Telecom Rails Become a New Test for Philippine iGaming

The Philippines has already proved the scale of demand for digital gaming. PAGCOR reported PHP396.14 billion in gross gaming revenue for 2025, up 6.39% from the previous year. Online and electronic gaming generated PHP201.12 billion and became the largest part of the market.
Online Growth Is No Longer Enough
In the expanding iGaming industry, customer acquisition is no longer the only parameter that operators need to watch. Players need to be verified, funded, monitored, and retained inside systems that regulators can trust.
Industry GGR fell in the first quarter of 2026 to PHP87.60 billion, down 15.87% year-on-year. Electronic gaming revenue dropped by 22.43%, while licensed casinos contributed the largest share of quarterly GGR.
This does not mean the online shift has reversed. It means that digital gaming is now facing the same pressures as a maturing market: softer spending, tighter rules, and operational gaps.
Verification Moves Into the Spotlight
At SiGMA Asia 2026, Laaffic Country Head John Paul Joya focused on telecom infrastructure as an issue that sometimes does not receive sufficient attention. His point was that iGaming and telecoms are developing together in the Philippines.

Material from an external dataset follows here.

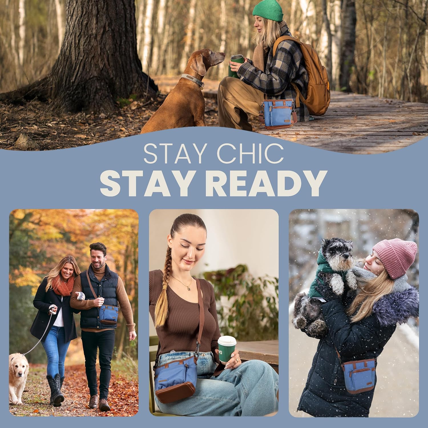 - 【ALL-IN-ONE STORAGE】 - With ample space and an expandable pocket, this dog walking bag holds treats, training tools, and poop bag rolls, easily holding your phone, keys, wallet, tennis ball, and documents, making it a great companion for long walks or outdoor adventures.

This relationship has practical implications. Gambling websites begin with registration processes. Registration usually requires OTP validation. When an OTP is delivered late, the gambler will leave without making a payment. This could complicate anti-fraud procedures if the system is weak.
For operators, this means that telecom performance becomes a business risk. It may impact conversion, retention, and trust. It may also influence the operator’s ability to maintain good records for KYC and anti-money laundering checks.

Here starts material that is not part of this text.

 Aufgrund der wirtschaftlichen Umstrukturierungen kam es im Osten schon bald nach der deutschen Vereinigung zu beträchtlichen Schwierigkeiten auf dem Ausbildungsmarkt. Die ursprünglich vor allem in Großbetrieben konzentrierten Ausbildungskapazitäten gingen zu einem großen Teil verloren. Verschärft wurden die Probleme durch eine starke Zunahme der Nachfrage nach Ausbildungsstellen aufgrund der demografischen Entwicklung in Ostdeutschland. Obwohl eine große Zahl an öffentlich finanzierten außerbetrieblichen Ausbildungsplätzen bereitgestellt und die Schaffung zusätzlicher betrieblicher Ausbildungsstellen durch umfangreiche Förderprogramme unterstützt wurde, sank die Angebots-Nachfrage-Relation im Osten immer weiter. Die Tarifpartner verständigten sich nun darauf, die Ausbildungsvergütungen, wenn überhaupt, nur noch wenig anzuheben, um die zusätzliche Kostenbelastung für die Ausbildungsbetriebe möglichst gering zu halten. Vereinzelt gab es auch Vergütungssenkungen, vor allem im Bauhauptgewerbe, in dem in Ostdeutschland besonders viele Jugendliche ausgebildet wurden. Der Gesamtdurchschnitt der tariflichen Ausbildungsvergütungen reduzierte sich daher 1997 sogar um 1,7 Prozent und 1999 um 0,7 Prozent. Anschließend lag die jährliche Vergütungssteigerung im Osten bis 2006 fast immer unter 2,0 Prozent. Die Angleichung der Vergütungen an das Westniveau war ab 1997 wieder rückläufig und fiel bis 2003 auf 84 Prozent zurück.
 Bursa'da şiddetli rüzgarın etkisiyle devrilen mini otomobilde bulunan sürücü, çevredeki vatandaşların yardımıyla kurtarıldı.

Compliance Pressure Reaches the Customer Journey
The regulatory environment is becoming increasingly tough, too. Licensed operators are supposed to upgrade their AML procedures, consumer protection, and responsible gambling measures. This does not only concern the compliance department.
It needs a new structure that should take into account registration, payment transactions, betting habits, and location data. The suspicious activity may occur at any stage of this process. This is why operators require solutions that integrate marketing, payments, risk management, and customer care.
This is when telecom companies and technology firms become more involved. Message delivery is now only part of the role. Tech partners and providers help build the first layer of trust between the player and the platform.
Market Impact
Competition in the Philippines is likely to remain intense. Operators will be competing for the traffic, yet traffic itself will not guarantee profit margins. An inefficient onboarding process can waste advertising money before the player even makes it to the cashier.
For suppliers, the opening is clear. There is a need for stable delivery of OTPs, user validation, more efficient fraud signals, and communication services.